Max: I’d say most brands are there out of some perfunctory sense that they need to be, and that’s when you see a lot of generic stuff. There’s no thought and it’s not providing the education or the brand experience that you’d want it to in order to drive sales or to give value to customers

Katharine: People often talk about social as a direct response medium that is the antithesis of branding but it is your social is your branding, your research, your PR your customer service… it’s everything in the spectrum of marketing, if used in the right way.

Kathryn: So with the news that Instagram is testing removing likes, how do you think that will affect brands, influencers and consumers?

Max: It seems positive to me. It takes a shot at the bot farms and fake like purchasing. It makes it more genuine and you’ll get a sense about what people really want out of your page.

Shayna: My concern from an advertising perspective is what that means for analytics. As a brand, how am I keeping a gauge on whether people like what I’m putting out?

Katharine: Can I ask a question? What makes you physically like a post vs just liking it, in your mind, as you scroll past it?

Shayna: I use it as a way to save and catalog things.

Max: I almost never like stuff. Usually I am saving or DMing things to people…it would be super useful if they tracked that. That’s the primary method I use to express that I like something.

Kathryn: I almost never like brand posts!

Katharine: I think I might like a post to state that I’m aligned with a certain belief (e.g. climate change).

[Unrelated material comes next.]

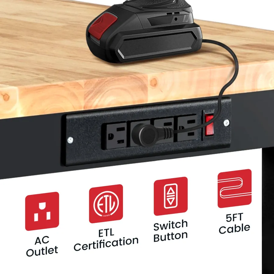Frequently Asked Questions (FAQ) about This ENJOYWOOD 48 inch Worktable Workbench with Power Outlet 2000 lbs Load Capacity Garage Table Desk Adjustable Height Work Bench for Garage/Wood Shop/Office/Home

Kathryn: Removing likes will pose a new challenge for how brands define success and how it might change the content they’re creating. It might change things to a conversion-focused approach. So it seems like a good move.

Shayna: Those poor influencers though.

Kathryn: Is social the death of advertising?

Shayna: No! It connects an entire globe of people – potentially for free.

Max: It’s hard to have a project that never ends…but it doesn’t mean that you can’t be creative and you just have to make sure that you don’t get too myopic and get caught up in trends and analytics.

Shayna: If social is the death of advertising, where is it being reborn? I’m not listening to radio or watching TV.

Max: Do you have ad blockers?

Shayna: I like my ads. I need the inspiration!

Max: I do (have ad blockers). But social media is a place where I don’t mind seeing ads. It’s one of the few places where I will fully engage with advertising.